My problem is that ex demands a certain date and it's my one day off so in the holidays we do a job lot of haircuts, shoes, dentists etc which he refuses to do. I suggest a day in holidays he says he can't do it then suggests the very day I have down for dentist etc. He tells me to change my work to accommodate him, I point out that it's impossible (which it honestly is) and then he accuses me of all sorts. He also won't do half-days, an afternoon and evening, a bit later so that I can get to appts with one or the other of them. If the DCs have stuff going on he won't take them or says it doesn't count as contact. I don't think he will ever change, which is why I fear the court will have to rule on this one i.e. say whether he has to try and accommodate my work-pattern. I'm wondering, for example, if the courts ever say the NRP's contact time falls when they are at work - which would be pretty silly for the DCs - or if they say contact has to happen according to work timetable. If so does it equally apply the other way round.

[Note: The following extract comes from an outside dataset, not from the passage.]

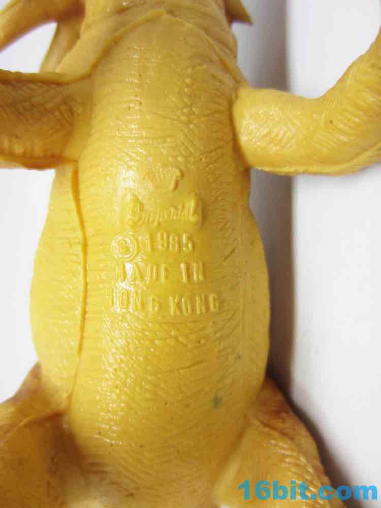 The figure has no real articulation - a hallmark of most dinosaur toys in the 1980s and before - but you will find a little crown and the words "1985 IMPERIAL MADE IN HONG KONG" on his yellow belly. The vinyl pieces don't fit together perfectly - you can see the seams - and if you give his belly a squeeze you will hear air puff out of a tiny hole in his lips. It's fun, it's for kids, and it's pretty sizable too. Looking at these dinosaur toys shows me that I could have probably had another, pretty decent career covering dinosaur toys were it not for the really likely fact that nobody would have ever paid me to write about them. Sure, he's probably not exactly scientifically accurate but it is big enough that you can fight other toys with it and it's hard to misplace. While I love Jurassic World toys they certainly aren't big, so it's neat to see meatier toys from a bygone era. It would even be nicer to see more of them make a return at the toy store.

FrogbyAnotherName Sat 22-Mar-14 16:00:57

Your ex is being an awkward arse, but I honestly don't think the court will order that he, as the NRP, is specifically required to accomodate your work pattern. So what if he 'accuses you of all sorts' when you don't agree with him? Thats his problem, not yours.

If the order doesn't specify days for contact in the holidays, agree the dates with him in advance, schedule the DCs appointments on different days and don't agree to swap days if he tells you later that the ones you've agreed are no longer convenient. You don't need a court order, you just need to stick to your plans.

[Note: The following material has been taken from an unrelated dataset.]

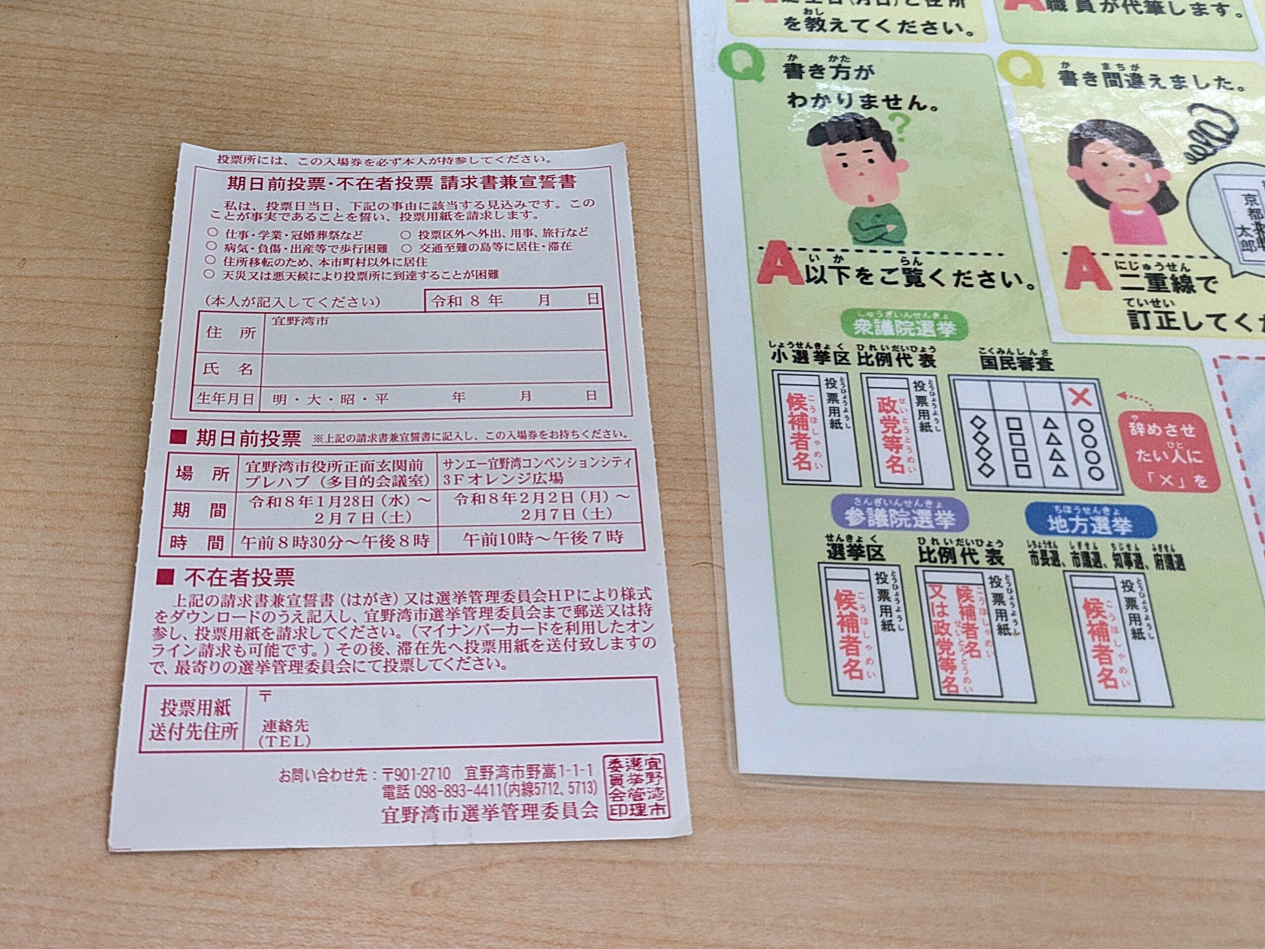 ・期日前投票の場合、投票権の裏側に直筆で氏名・住所を記入することを初めて知りました。

I can only tell you my experience of courts and the degree (or not) that they consider work patterns. When DH ex (RP) withheld contact DH applied for a contact order, and in court, DHs ex requested an order that meant contact only took place when she "needed'" DH to have the DCs because she was working. The court disagreed, and issued an traditional EOW-type order that resulted in the DCs often being with DH while their mum was at home, and her using other family members as childcare when she was working. During one holiday, The DCs spent more nights with their maternal grandmother than either of their parents, despite one or other parent always being available.

If you and he argue too much over this, the court may lose patience and issue an order that doesn't suit either of you.

Nappaholic Sat 22-Mar-14 16:21:30

The courts don't like dealing with the minutiae of contact arrangements, but my feeling is, from what you've posted OP, that the court is unlikely to have much sympathy with yr ex. How many "other commitments" can he have if he's not working!

Problem is, if he's of that nature, it's dangerous to rely on him for "childcare", as you no doubt well know. What would you do if he wasn't around at all?

dunfightin Sat 22-Mar-14 18:26:40

I'm wondering too what it is that means he puts DCs behind these 'commitments'? No my business though I guess it would be different if he was working.
I don't rely on him for childcare - and couldn't when we were together. Younger DC went to CM while I was working as he had a habit of being 'busy' on days when I was at work and I thought he was being SAHD when I went back to work after DC1 was born. I was always scrabbling around for emergency childcare between birth of DC1 and DC2; it was nightmarish.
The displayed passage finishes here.